- ASSIGNED TASK: Write out the entries below exactly, but only from the line containing "Place of Death: Scott" through the line containing "2014年端午節放假安排", and without the pictures.

- INPUT DATA:
= Beginning of Section =

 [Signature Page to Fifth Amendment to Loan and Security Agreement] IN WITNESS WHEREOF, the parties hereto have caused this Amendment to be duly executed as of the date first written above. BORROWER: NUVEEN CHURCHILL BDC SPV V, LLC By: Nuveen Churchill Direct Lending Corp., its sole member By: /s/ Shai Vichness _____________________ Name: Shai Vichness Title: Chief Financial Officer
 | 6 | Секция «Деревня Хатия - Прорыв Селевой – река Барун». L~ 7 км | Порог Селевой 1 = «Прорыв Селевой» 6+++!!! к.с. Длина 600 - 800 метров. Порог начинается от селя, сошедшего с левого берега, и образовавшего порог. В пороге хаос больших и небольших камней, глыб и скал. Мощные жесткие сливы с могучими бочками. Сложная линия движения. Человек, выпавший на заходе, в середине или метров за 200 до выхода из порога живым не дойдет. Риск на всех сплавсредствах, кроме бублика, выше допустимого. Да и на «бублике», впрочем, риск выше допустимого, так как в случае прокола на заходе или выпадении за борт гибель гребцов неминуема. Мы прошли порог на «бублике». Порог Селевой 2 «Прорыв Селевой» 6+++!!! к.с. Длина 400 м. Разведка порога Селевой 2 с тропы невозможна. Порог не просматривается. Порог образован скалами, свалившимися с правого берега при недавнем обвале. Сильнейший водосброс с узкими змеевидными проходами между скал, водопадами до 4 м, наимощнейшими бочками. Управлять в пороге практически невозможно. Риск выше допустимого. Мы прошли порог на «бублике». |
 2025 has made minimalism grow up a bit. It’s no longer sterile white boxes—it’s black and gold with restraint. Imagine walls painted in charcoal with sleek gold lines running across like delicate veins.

= End of Section =
= Beginning of Section =

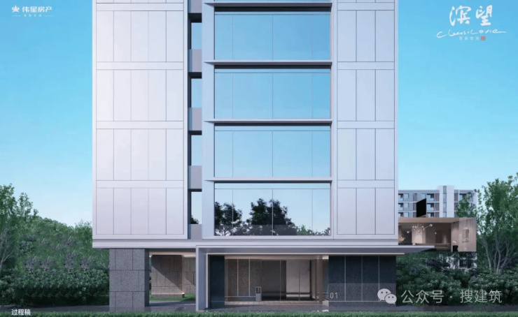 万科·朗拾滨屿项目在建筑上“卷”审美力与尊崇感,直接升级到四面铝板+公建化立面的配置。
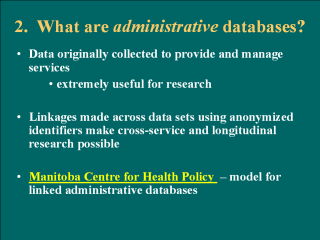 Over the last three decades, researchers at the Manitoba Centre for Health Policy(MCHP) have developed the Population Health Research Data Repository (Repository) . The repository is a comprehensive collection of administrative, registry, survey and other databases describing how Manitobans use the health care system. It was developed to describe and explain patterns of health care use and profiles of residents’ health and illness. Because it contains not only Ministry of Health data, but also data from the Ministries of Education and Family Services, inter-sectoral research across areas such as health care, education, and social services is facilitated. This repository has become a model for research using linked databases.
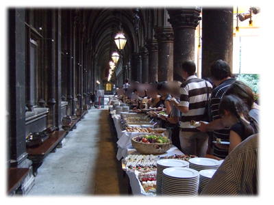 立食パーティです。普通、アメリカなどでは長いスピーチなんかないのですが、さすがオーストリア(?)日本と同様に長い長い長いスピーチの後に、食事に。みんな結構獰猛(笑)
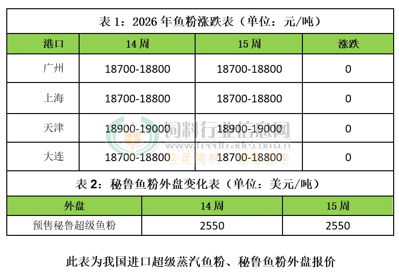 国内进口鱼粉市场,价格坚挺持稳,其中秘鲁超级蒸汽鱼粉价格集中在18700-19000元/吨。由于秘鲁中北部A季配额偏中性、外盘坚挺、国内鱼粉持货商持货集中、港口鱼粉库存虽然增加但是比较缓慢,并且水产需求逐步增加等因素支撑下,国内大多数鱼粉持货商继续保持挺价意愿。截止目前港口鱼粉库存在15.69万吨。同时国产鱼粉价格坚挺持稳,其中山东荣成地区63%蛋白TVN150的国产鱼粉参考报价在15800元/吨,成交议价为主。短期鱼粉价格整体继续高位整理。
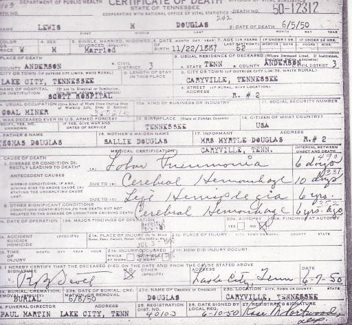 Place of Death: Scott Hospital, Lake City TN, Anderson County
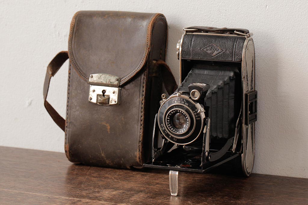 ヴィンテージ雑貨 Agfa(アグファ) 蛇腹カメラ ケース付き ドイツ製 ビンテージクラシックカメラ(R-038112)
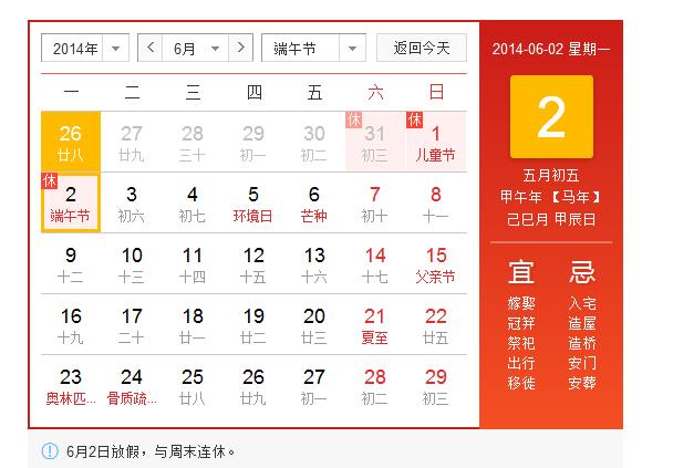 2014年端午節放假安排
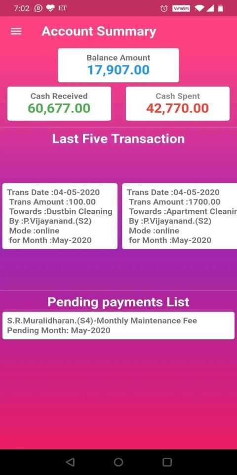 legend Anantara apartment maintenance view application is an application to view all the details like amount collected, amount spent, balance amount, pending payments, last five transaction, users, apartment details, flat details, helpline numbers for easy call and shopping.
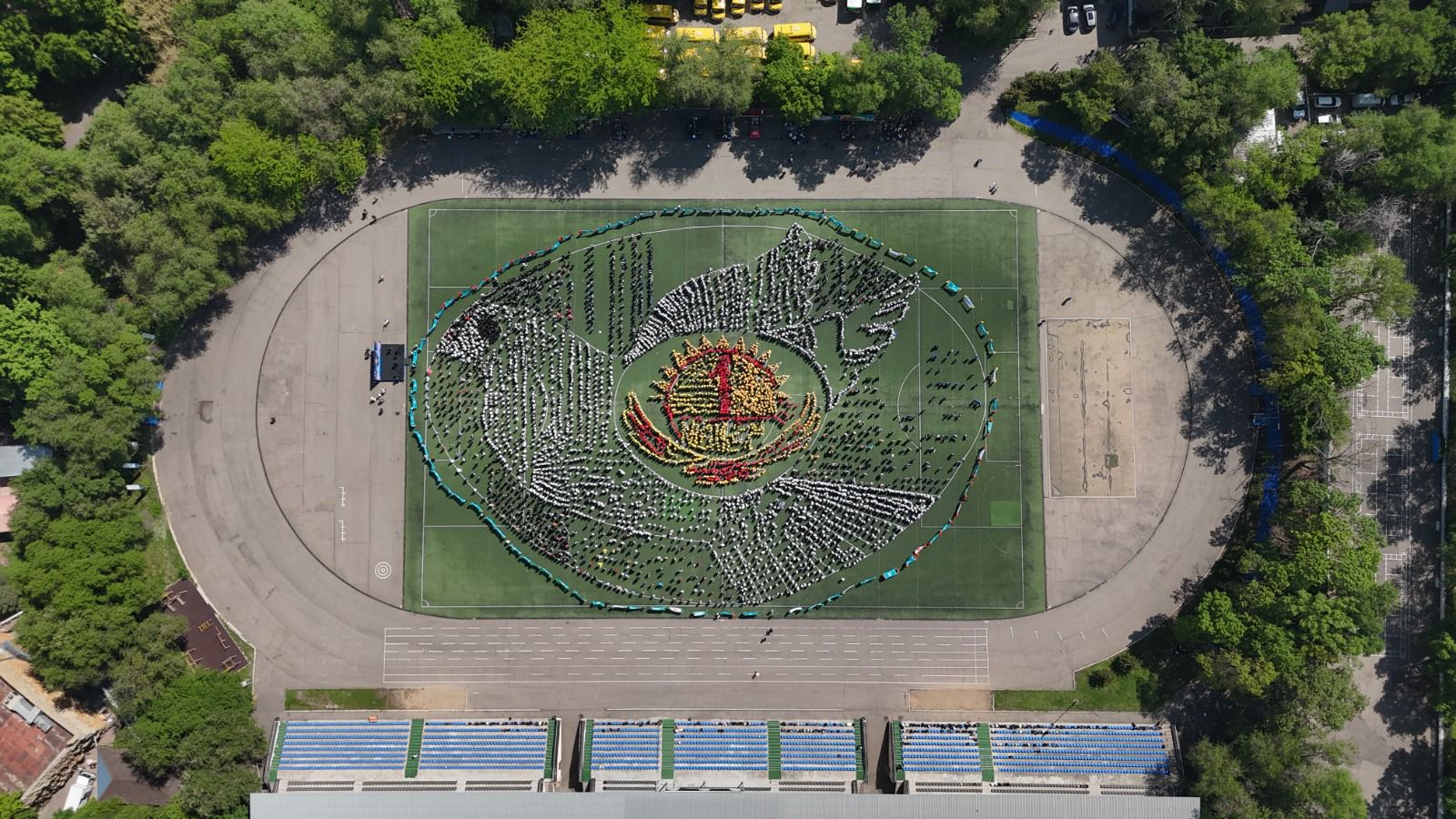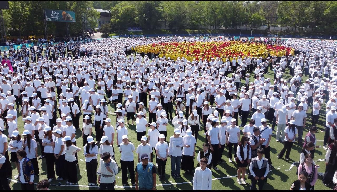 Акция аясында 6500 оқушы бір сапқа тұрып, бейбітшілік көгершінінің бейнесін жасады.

= End of Section =

- TASK RESULT:
 Place of Death: Scott Hospital, Lake City TN, Anderson County
 ヴィンテージ雑貨 Agfa(アグファ) 蛇腹カメラ ケース付き ドイツ製 ビンテージクラシックカメラ(R-038112)
 2014年端午節放假安排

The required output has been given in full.